The Price of Love eBook

This eBook from the Gutenberg Project consists of approximately 423 pages of information about The Price of Love.

The Price of Love eBook

This eBook from the Gutenberg Project consists of approximately 423 pages of information about The Price of Love.

The cutlery reposed in a green-lined basket.  She had doffed the apron and hung it behind the scullery door.  With all the delicious curves of her figure newly revealed, she was reaching the alarm-clock down from the mantelpiece, and then she was winding it up.  The ratchet of the wheel clacked, and the hurried ticking was loud.  In the grate of the range burned one spot of gloomy red.

“Your bedtime, I suppose?” he murmured, rising elegantly.

She smiled.  She said—­

“Shall you lock up, or shall I?”

“Oh!  I think I know all the tricks,” he replied, and thought, “She’s a pretty direct sort of girl, anyway!”

IV

About an hour later he went up to his room.  It was a fact that everything had been made right for him.  The gas burned low.  He raised it, and it shone directly upon the washstand, which glittered with the ivory glaze of large earthenware, and the whiteness of towels that displayed all the creases of their folding.  There was a new cake of soap in the ample soap-dish, and a new tooth-brush in a sheath of transparent paper lay on the marble.  “Rather complete this!” he reflected.  The nail-brush—­an article in which he specialized—­was worn, but it was worn evenly and had cost good money.  The water-bottle dazzled him; its polished clarity was truly crystalline.  He could not remember ever having seen a toilet array so shining with strict cleanness.  Indeed, it was probable that he had never set eyes on an absolutely clean water-bottle before; the qualities associated with water-bottles in his memory were semi-opacity and spottiness.

The dressing-table matched the washstand.  A carriage clock in leather had been placed on the mantelpiece.  In front of the mantelpiece was an old embroidered fire-screen.  Peeping between the screen and the grate, he saw that a fire had been scientifically laid, ready for lighting; but some bits of paper and oddments on the top of the coal showed that it was not freshly laid.  The grate had a hob at one side, and on this was a small, bright tin kettle.  The bed was clearly a good bed, resilient, softly garnished.  On it was stretched a long, striped garment of flannel, with old-fashioned pearl buttons at neck and sleeves.  An honest garment, quite surely unshrinkable!  No doubt in the sixties, long before the mind of man had leaped to the fine perverse conception of the decorated pyjama, this garment had enjoyed the fullest correctness.  Now, after perhaps forty years in the cupboards of Mrs.

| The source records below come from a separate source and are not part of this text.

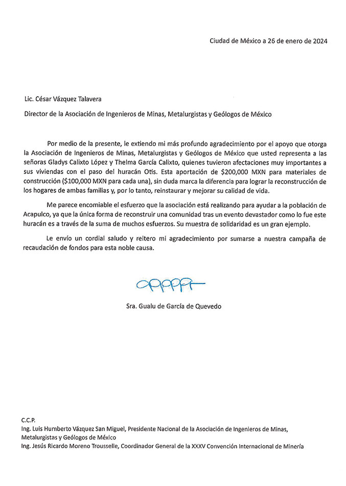 El compromiso de la Asociación no ha terminado, comentó el ingeniero Vázquez San Miguel al entregar el donativo de la AIMMGM y dijo: “continuaremos destinando recursos para apoyar a los damnificados por el huracán Otis. Sabemos que Acapulco nos necesita y los mineros seguiremos ofreciendo nuestra ayuda”.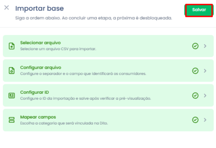 Passo 2 – Acessar e importar o arquivo no app.dito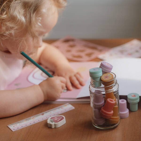 Zestaw pieczątek Fairy Garden od Little Dutch pozwoli Twojemu maluchowi stworzyć własny wspaniały bajkowy ogród. Zestaw zawiera 16 różnych pieczątek, w tym uroczą sarenkę, wiewiórkę i biedronkę, a także truskawkę, kwiaty, grzyby i pszczołę. Pieczątki są już z tuszem – od razu można z nich korzystać. Poprzez przyjemną zabawę stymulują kreatywność dzieci przy jednoczesnym rozwijaniu ich umiejętności motorycznych.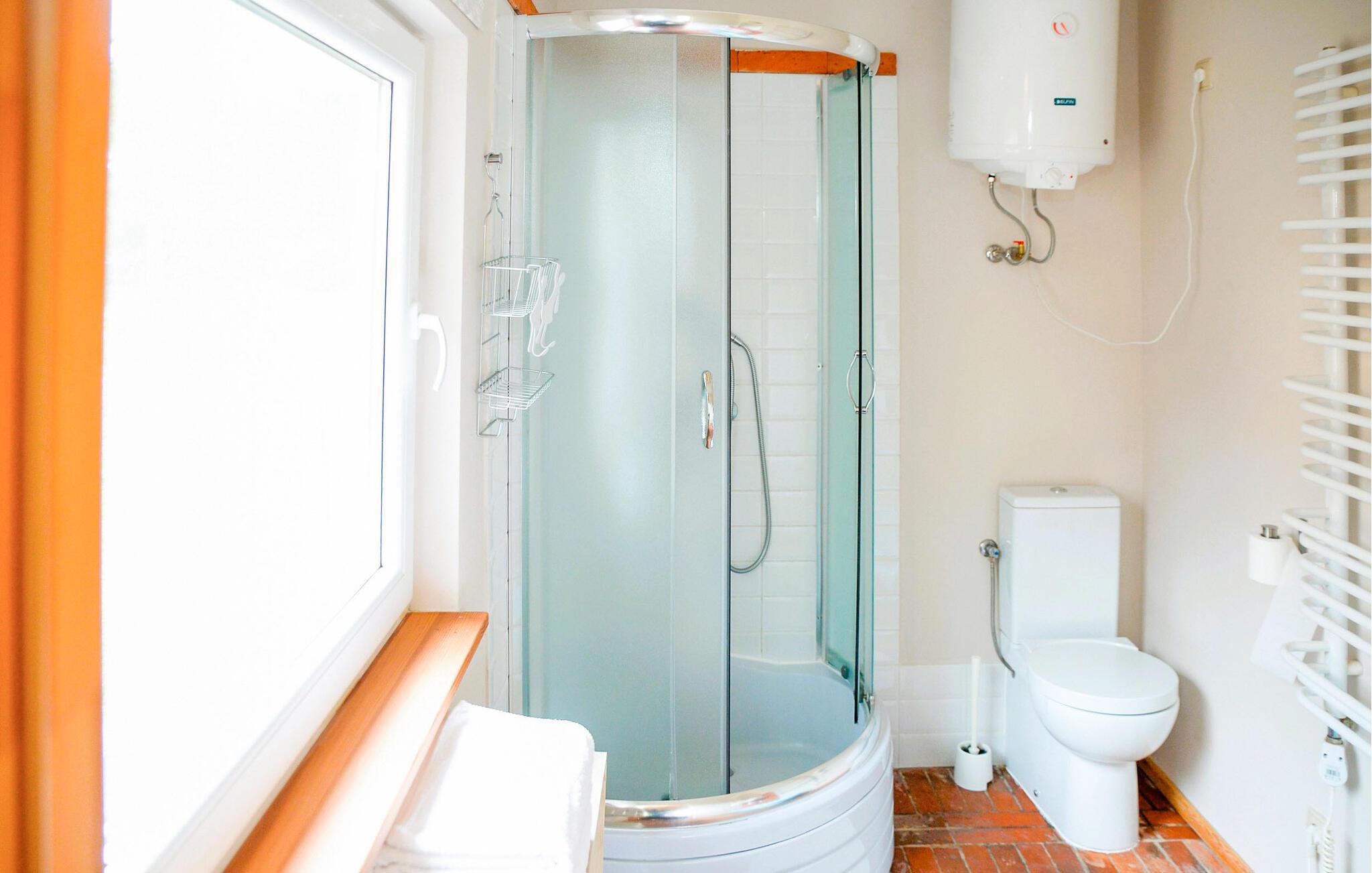 Badezimmer 4m2 (nr. 1) - WC. Warmes und kaltes Wasser. Dusche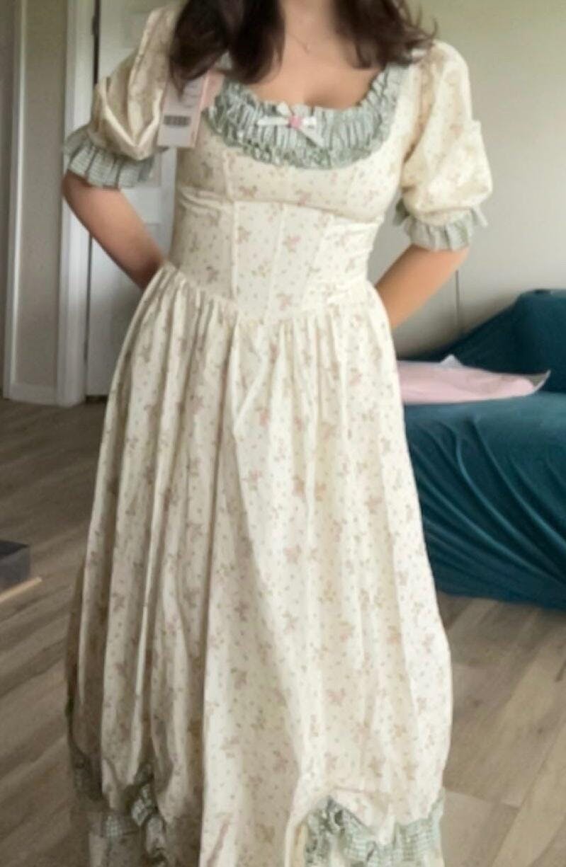 This dress is a must for cottage core girlies. It is also true to size and full length. Very good quality the moment I received it. The material is thick and not see through. The details and lining look very well made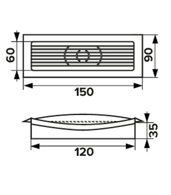 Решетка вентиляционная накладная пластиковая для плоских воздуховодов 60х120 мм

Maldon, it seemed to recall the more excellent attributes of an already forgotten past, and to rebuke what was degenerate in the present.

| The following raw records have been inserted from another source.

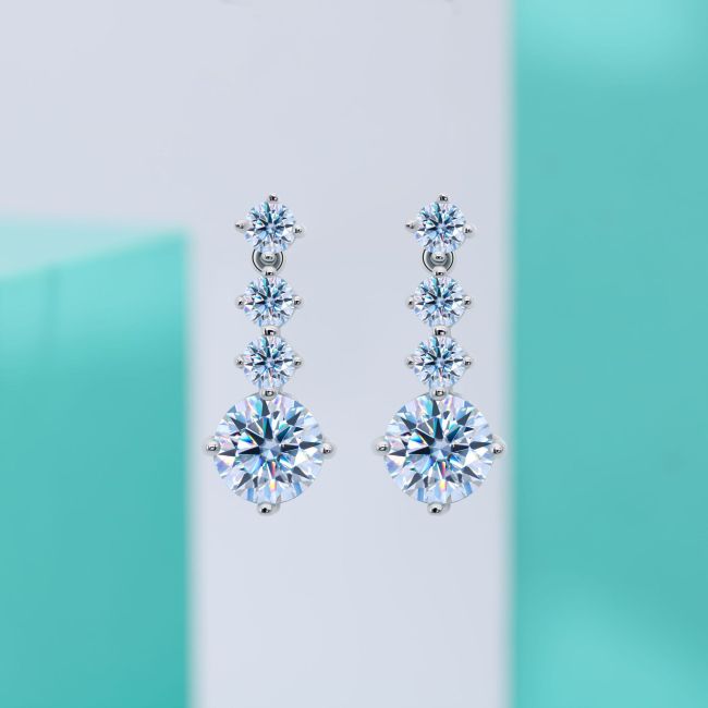Earrings Sterling Silver Dancing Heart Moissanite Drop Earrings for Women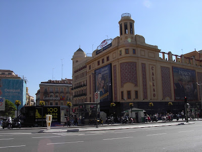Aspecto actual de la plaza del Callao. El café estaba situado, aproximadamente, en donde se encuentra la mediana de la calzada.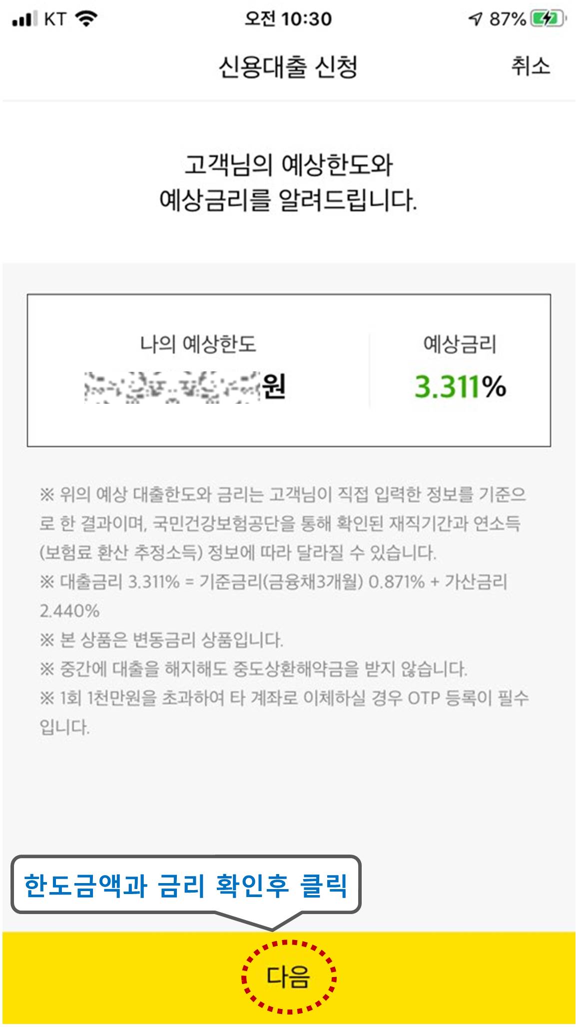 #9. 나의 예상한도 금액과 예상금리가 나옵니다. "다음"을 클릭하면(금리는 신용도에 따라서 차이가 있습니다.)
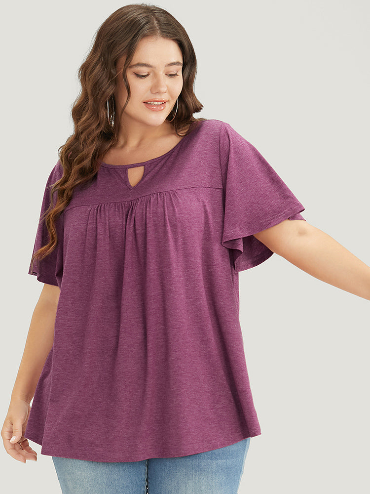 Plain Ruffle Sleeve Keyhole Gathered Crew Neck T-shirt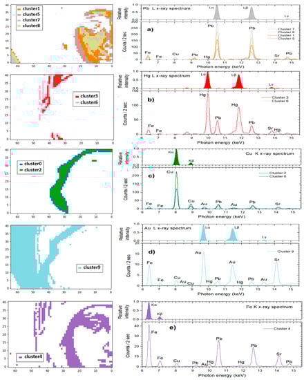 Spatial distribution of clusters (left); and corresponding X-ray emission spectra (right). On the top of the representative spectra is presented the X-ray spectrum of the dominating element, as evaluated by a Monte-Carlo simulation [44]. (a) Clusters 1, 5, 7 and 8. Pb Lα is the dominant transition. (b) Clusters 3 and 6; dominant transition: Hg Lα. (c) Clusters 0 and 2; dominant transition: Cu Kα. (d) Cluster 9; dominant transition: Au Lα. (e) Cluster 4; dominant transition: Fe Kα.
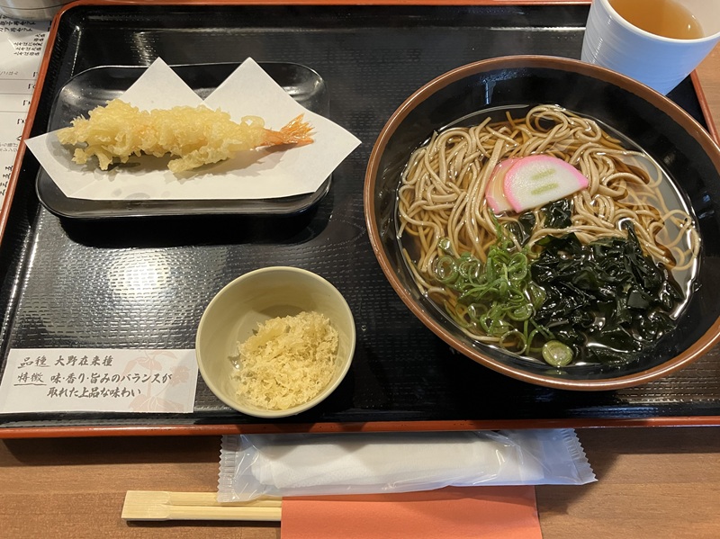 今回は、温かい天ぷら蕎麦を選びました。十割蕎麦で温かいメニューが選べるのも、ひめそばの魅力です。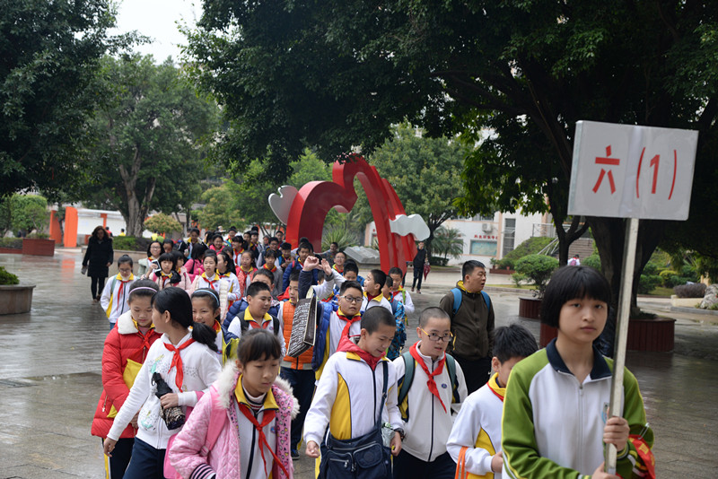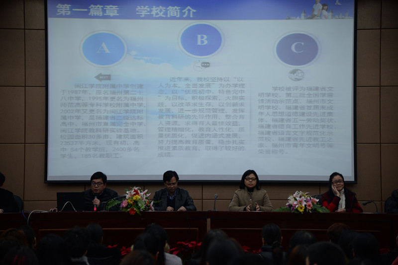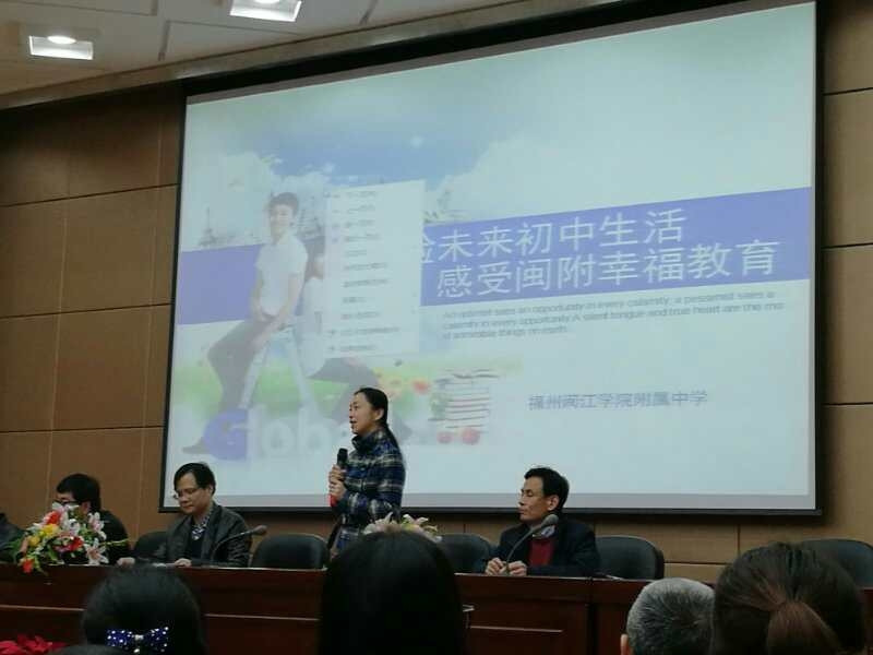 3月25日,星期六,春雨绵绵。闽江学院附中的这个周末却未因雨天而沉寂,反倒是更加热闹。福州市群众路小学、鼓楼第五中心小学和斗南小学三所学校的领导、老师及六年级的学生和家长来到了闽附,与我校部分师生共同参加以“体验未来初中生活感受闽附文化内涵”为主题的初小衔接活动。

Louis, ranging over his experiences in the disorderly and mean pretentiousness of the suburban home, and in the discomfort of various lodgings, appreciated the grave, comfortable benignity of that bedroom.  Its appeal to his senses was so strong that it became for him almost luxurious.  The bedroom at his latest lodgings was full of boot-trees and trouser-stretchers and coat-holders, but it was a paltry thing and a grimy.  He saw the daily and hourly advantages of marriage with a loving, simple woman whose house was her pride.  He had a longing for solidities, certitudes, and righteousness.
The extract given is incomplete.